В детстве было сложно. Особенно, когда он не видел маму несколькими днями. Порой мысли закрадывались: а может, отец появится? Может, он изменился, решил навестить сына, в конце концов узнать, что это за сын такой. Но, видимо, у него были свои планы. Чем осознаннее Тэхен смотрел на учащихся, которые уезжали с обоими родителями, тем сильнее ему хотелось иметь такую же семью. Но, с другой стороны, мать так сильно старается ради него, а он думает об отце, которого никогда не видел. Не будет ли это считаться предательством с его стороны? Не покушается ли он на нечто большее, чем ему дозволено иметь? Она может с легкостью принять его заинтересованность в другом родителе, но он точно знает: ей будет больно. Она не заикалась, всегда была так добра, поэтому спрашивать об отце было бы сродни пустить пулю промеж глаз. Так Тэхен решил, и именно поэтому запретил себе какие-либо мысли об отце.
Уже в десять лет он заметил в себе отклонения, если это так назвать можно. Его заинтересовал мальчик; все звали его Майком. Одноклассники любили придумывать себе иностранные имена. Считали это забавным. А Тэхену нравилось собственное имя. Это стало неким преткновением. Они не хотели пускать его в свой круг, потому что, как они утверждали, он хочет выделиться, быть не таким как все. Но это было такое пустое заблуждение, что разубеждать их Тэхен даже и не пытался. Он просто любил свое имя, потому что его так назвала мама. Нежно любимая им мама. Ласковая, добрая и такая заботливая. Он почти что не видит ее, но все равно любит.
Именно в тот год все пошло наперекосяк. Если раньше с ним общался хоть кто-то, то теперь не общался никто. Они видели, как он смотрел на Майка. Замечали странные вздохи и надписи в тетради. Слух разнесся быстро. В добавок к тому, что Майк и его шайка оставили его с распустившимися на персиковой коже синяками и вопиюще кричащими о мелочности поступка кровоподтеками на крыше, в порванной рубашке и разбросанными по асфальту школьными принадлежностями, с Тэхеном перестали общаться даже те его "друзья". Никто и не пытался понять неразговорчивого мальчика, а принимать просто не хотели. Конечно, Тэхен не рассказал ничего своей матери, ей нельзя волноваться, она и так устает и вечно болеет. Он стал более замкнут, контролировал себя и теперь всегда смотрел в пол.

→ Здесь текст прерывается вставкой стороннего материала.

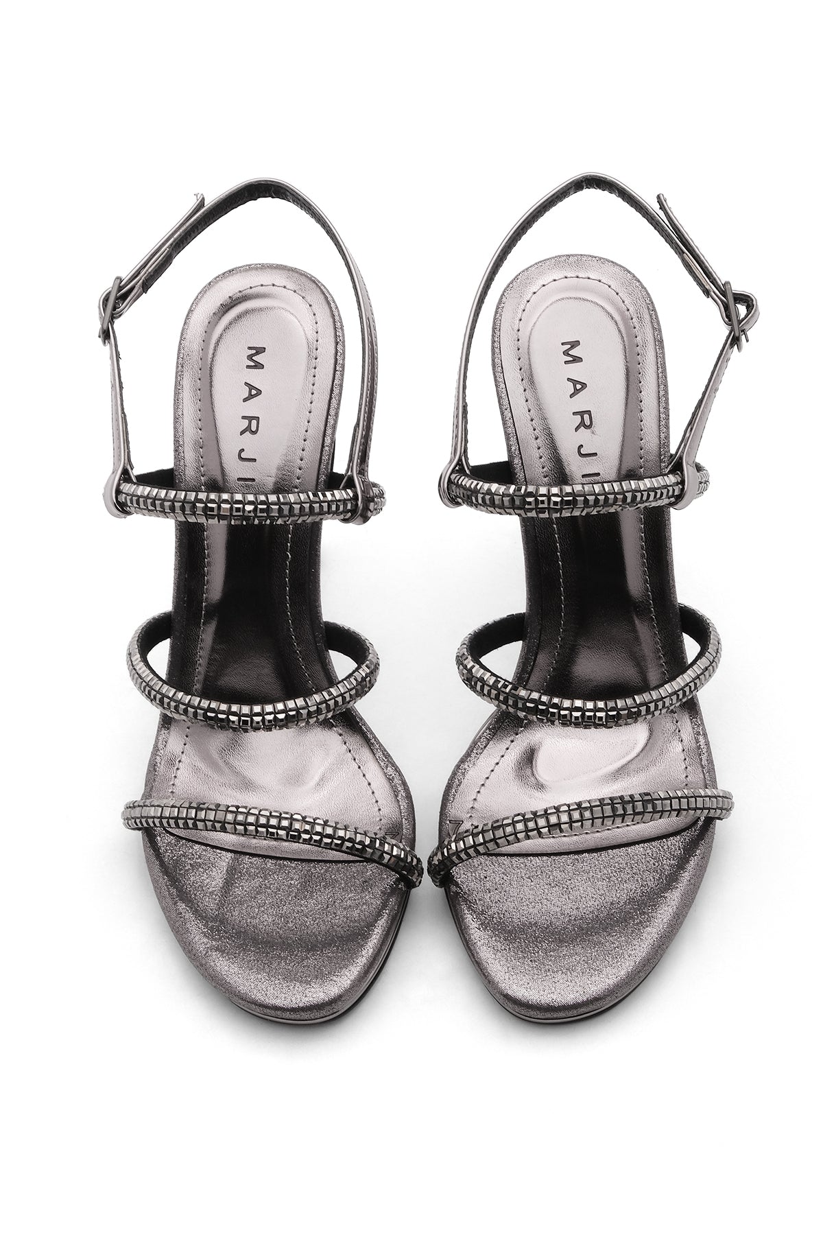 Kadın Taşlı Platform Topuklu Abiye Ayakkabı Dekol - Platin

Тэхен вырос, а привычка сторониться других так и осталась. Только теперь вместо того, чтобы прятаться, стал во всей красе показывать свою точку зрения. Он делал это намеренно, чтобы остальные даже не пытались с ним подружиться. Чтобы они не смогли больше обидеть его или как-то задеть. И он был горд, потому что переступил через собственные страхи. Да, получал он за это неоднократно, но кого это волнует, если гордость распирает изнутри? Когда было плохо так сильно, что невмоготу даже было просто посмотреть фильм, он слушал голос матери. А потом не стало и ее, и Тэхен остался совсем один. Не такой как все. Непринятый обществом, сформировавшим свои законы и негласные правила.

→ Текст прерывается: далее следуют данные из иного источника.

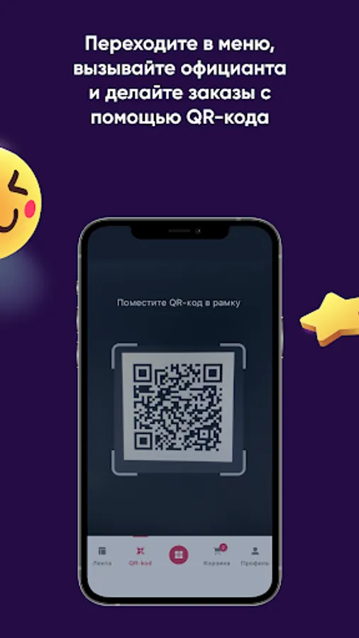 Being in the institution you have the opportunity to go to the menu of the institution just by recognizing the QR code. Call the waiter or place an order directly from the app!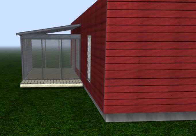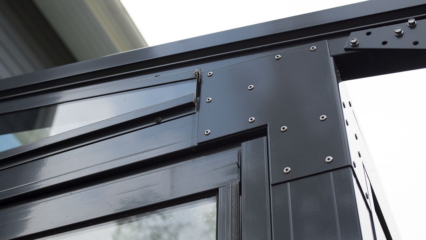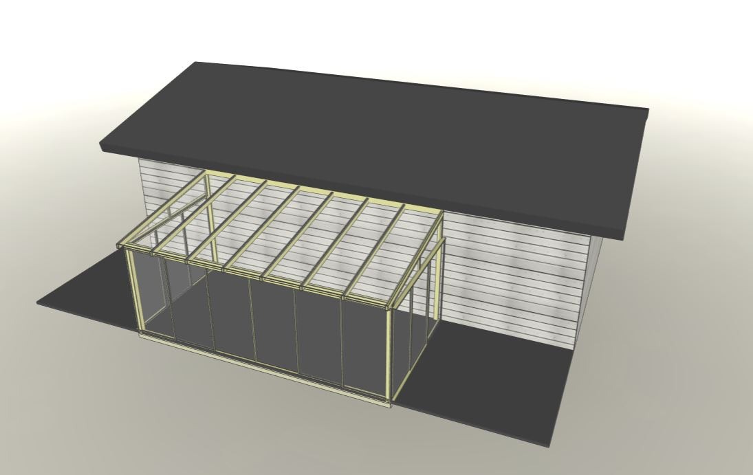 Kattolasit ja alumiiniruoteet muodostavat 200mm lipan etusivun lasituksen yli. Lyhyillä sivuilla toimitukseen kuuluu liukulasien päälle tulevat kiinteät kolmiolasit ja niiden kiinnityslistat.

И если спросите Тэхена сейчас, что он чувствует, услышите в ответ: "Облегчение". Потому что он нужен Чонгуку. Пусть и не как любовник, а то и вовсе любимый человек, зато как кто-то родной. Тэхен не знает, как жил Чонгук, он никогда не спрашивал, да и навряд ли посветит ему лекцию о собственной жизни. Все это не так уж и важно, потому что вновь появился человек, оберегающий и защищающий его. Пусть сейчас он задыхается, размазывает соленые дорожки по щекам, он счастлив. Действительно счастлив.
***
Победное восклицание пробирается в тихую комнату. Отрекошетив от стен, упирается в сознание сигналом. Он смог. Он сделал. Ударил Юнги. Не испугался. Теперь путь открыт, и он, наконец, станет свободен. Не будет больше пялиться на голые стены, не будет спать на вонючем матрасе. Он увидит своего парня и друга. Он окажется дома, а не здесь.
Как бы Хосок ни желал убежать, ступор заковывает в кандалы, удерживая на месте. Это шок или адреналин так сильно ударил по телу. Он видит, что эффект неожиданности сработал отлично. Путь открыт, но почему-то так далек. Спустя несколько секунд, Хосок, придя в себя, не обращая внимания на хриплый стон, как может перепрыгивает через Юнги. Ноги до того слабые — почти не держат, и все же он делает шаг навстречу свободе. Улыбается измученной улыбкой и все еще не верит, что у него получилось.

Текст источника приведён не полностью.